Optical Boron Nitride Insulator Erosion Characterization of a 200 W Xenon Hall Thruster

Abstract

Abstract : Vacuum ultraviolet emission (137.9 nm) of boron neutrals sputtered from a 200 W xenon Hall thruster boron nitride insulator is evaluated as a diagnostic for real-time evaluation of thruster insulator erosion. Three Hall thruster plasma control variables are examined: ion energy (discharge potential), ion flux (propellant flow), and plasma conductivity (magnetic field strength). The boron emission, and hence the insulator erosion rate, varies linearly with ion energy and ion flux.

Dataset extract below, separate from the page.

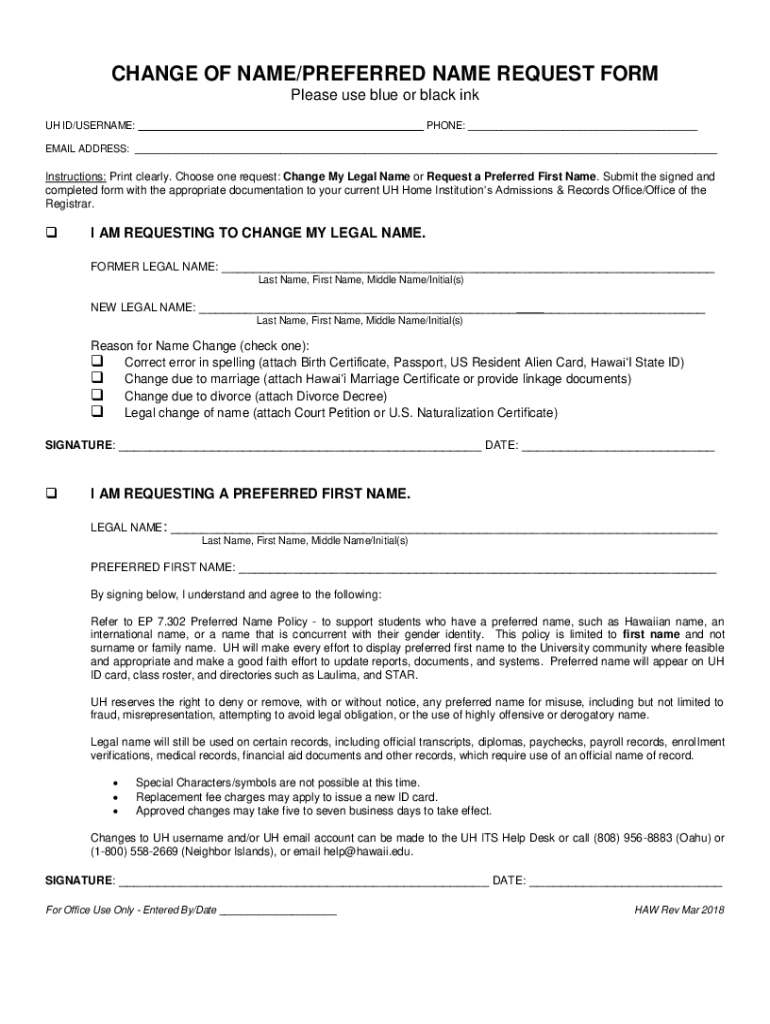 CHANGE OF NAME/PREFERRED NAME REQUEST FORM Please use blue or black ink UH ID/USERNAME: PHONE: EMAIL ADDRESS: Instructions: Print clearly. Choose one request: Change My Legal Name or Request a Preferred

A minimum erosion rate appears at intermediate magnetic field strengths. This may indicate that local plasma conductivity significantly affects the divergence of the plasma plume and hence thruster lifetime. The emission measurements of insulator erosion are supported by near field (^10 mm) xenon ion laser-induced fluorescence velocity measurements which confirm that changes in the magnetic field produce significant changes in the ion flow vectors. The near field plume appears to be relatively invariant to changes in the plasma density, but increased flow divergence may be attributed to changes in magnetic strength. Faraday probe plume divergence measurements in the far field (60 cm) show that some of these differences propagate into the far field.